Иностранные друзья, интересующиеся советским неформальным искусством, шли густым косяком. Когда в мастерской появлялись очередные американцы, немцы или японцы, Брежнев доставал дежурную трехлитровую бутыль и шел встречать дорогих гостей. Нинон переливала самогон в бутылки с водочными этикетками и несла их в гостиную. Тем временем Лиза обкладывала толстую волнистого серебра селедку белыми кольцами репчатого лука и посыпала сверху мелко нарезанным зеленым. Она любовно устраивала в вазочках моченые помидоры и крепкие, с пупырышками соленые огурчики. Она старательно нарезала упругую белую брынзу и рассыпчатую крестьянскую колбасу, потом заглядывала в духовку, где поднимался пирог.

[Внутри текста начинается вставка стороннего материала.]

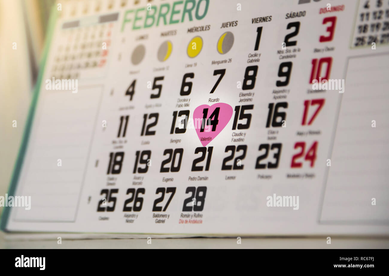 Valentines day calendar showing February 14 with red heart Stock Photo
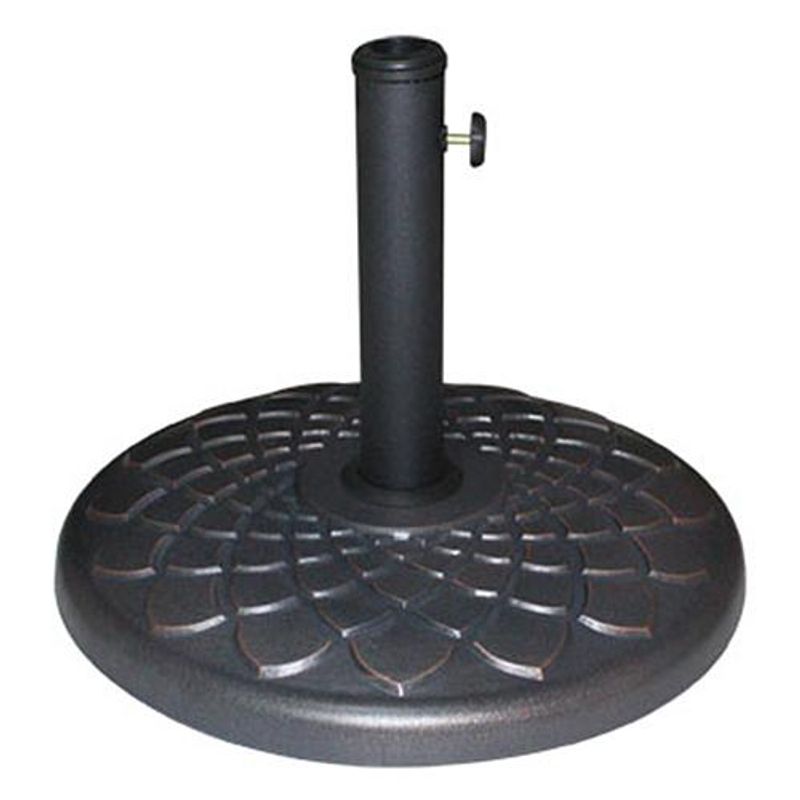 Stojan má kruhovú podstavu s priemerom 43 cm. Je vyrobený z trvácnej živice, čím sa nemusíte obávať o jeho životnosť. Vďaka svojej výraznej tmavej farbe a zaujímavej lupeňovej potlači bude nie len dekoratívny, ale tiež funkčný a praktický doplnok do každej záhrady. Slnečník sa napája do tyče vychádzajúcej zo stredu podstavy, dlhej 33 cm. Prekrytie častí stojanu a dážnika bude teda dostatočné nato, aby sa zabezpečila pevnosť celej konštrukcie. Priemer tyče dáždnika, ktorý sa nasadí do stojanu, môže byť maximálne 38 mm. Hmotnosť je až 25,66 kg, čo poskytuje bezpečný základ a stálosť.

 Гости веселели. Искусствоведы расстегивали верхние пуговки на рубашках и ослабляли галстуки. Их проницательные глаза подергивались скользкой мутью и они начинали зевать.

 — Так, значит, слушай меня внимательно, Aкаяма, — говорил Эдиган визитеру из города-побратима Иокогамы господину Окаямо Шацамото. Эдиган уже плохо слышал себя и говорил громко, короткими фразами. — Значит, со мной все ясно. Теперь этот — Брежнев. Потрясающий керамист. Учился на философском факультете Кишиневского университета. Выгнали в годы застоя. Пришили все, что могли. Не посещал занятия, — он загибал пальцы. — Гнал самогон. Не знаешь, как самогон? Муншайн. Что там еще? Спал с дочкой ректора. Спал с самим ректором, тот потом еще получил строгача по партийной линии. Теперь лепит из глины. Козлики-шмозлики, короче, все в народном духе, но с глубоким философским подтекстом.

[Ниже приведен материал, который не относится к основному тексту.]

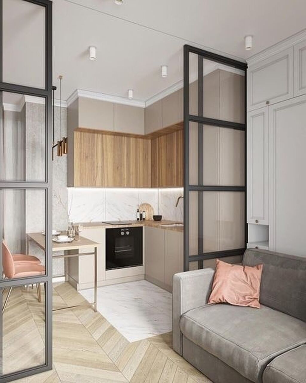 Дизайн маленькой квартиры для молодой семьи, расположенная в новостройке столицы Болгарии, имеет достаточно свободного места, чтобы из «однушки», сделать «двушку», благодаря декоративным перегородкам.

 — Харасо! — сиял как майское солнце мистер Шацамото.

 Напротив сиял и цвел зеркальным отражением философ-керамист.

 — Ты не харасокай, — говорил Эдиган, — а давай провентилируй, как устроить выставку. Ваши японцы такое любят.

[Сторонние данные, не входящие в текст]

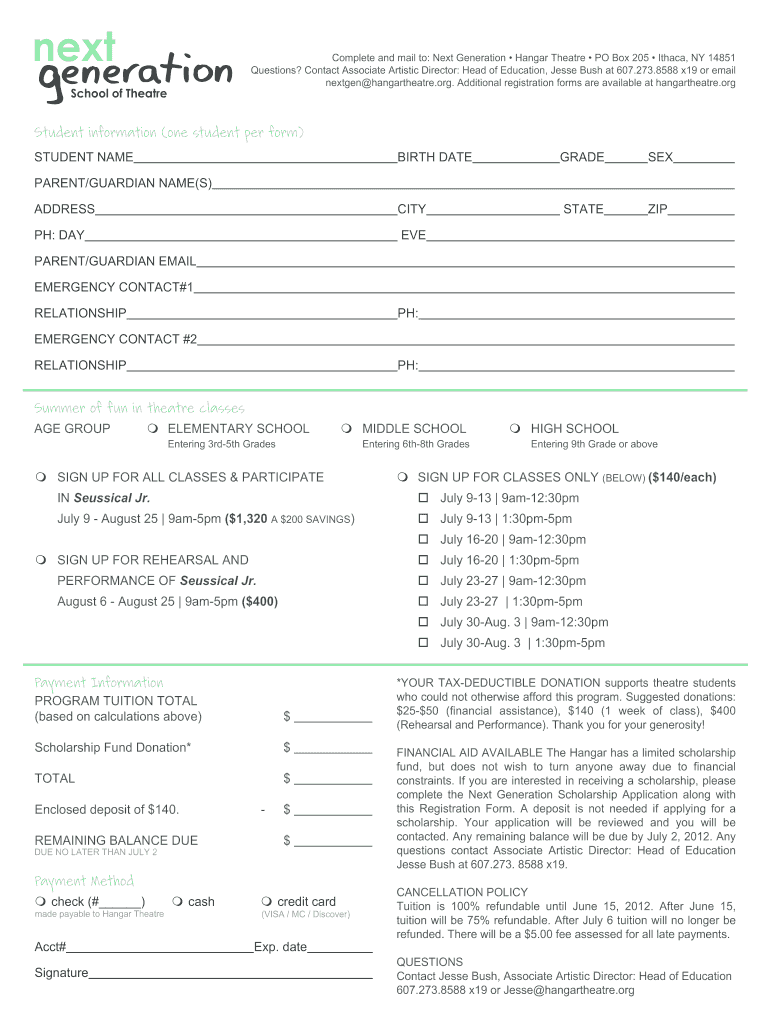 REG STATION D EAD LINE JUNE 15, 2012, Complete and mail to: Next Generation Hangar Theater PO Box 205 Ithaca, NY 14851 Questions? Contact Associate Artistic Director: Head of Education, Jesse Bush

 Лиза наклонялась к столу подлить гостю, и тому открывалась в вырезе её платья удивительнейшая из картин.

 — Харасо! — кивал он. — Выставка!

 — Это — Лиза, — пояснял Эдиган и, взяв Лизу за талию, усаживал к себе на колено. — Центровая русская баба. У вас в Японии такие на вес золота. Берешь?

 — Хи-хи-хи! — заливался мистер Шацамото и хлопал Лизу по бедру, вел маленькой японской ручкой по её плечу, по руке, пожимал её. — Русский баба! Хи-хи-хи! Харасо!

 Мистер Окаямо Шацамото, я придумал тебя или ты был? В скольких лицах ты повторился? В толстощеком каком-нибудь мистере Бобе Макпадласе, в голубоглазом каком-нибудь месье Шарле Кандо, в ком еще? Ранним серым утром на кого ты смотрела с испачканных помадой и тушью для ресниц подушек, моя бедная Лиза? Кто стоял у твоей постели, застегиваясь, повязывая галстук, приглаживая волосы? Моя бедная Лиза, прикрывшаяся до подбородка простыней, с тяжелым и нечистым чувством, с воспаленными глазами, в которых застыли горечь унижения и надежда на несбыточное.

 — Мамка, что случилось? — Бугай только что выбрался из воды и устраивается рядом с Лизой. В буйных зарослях на его груди сверкают, как драгоценные камни, остатки моря.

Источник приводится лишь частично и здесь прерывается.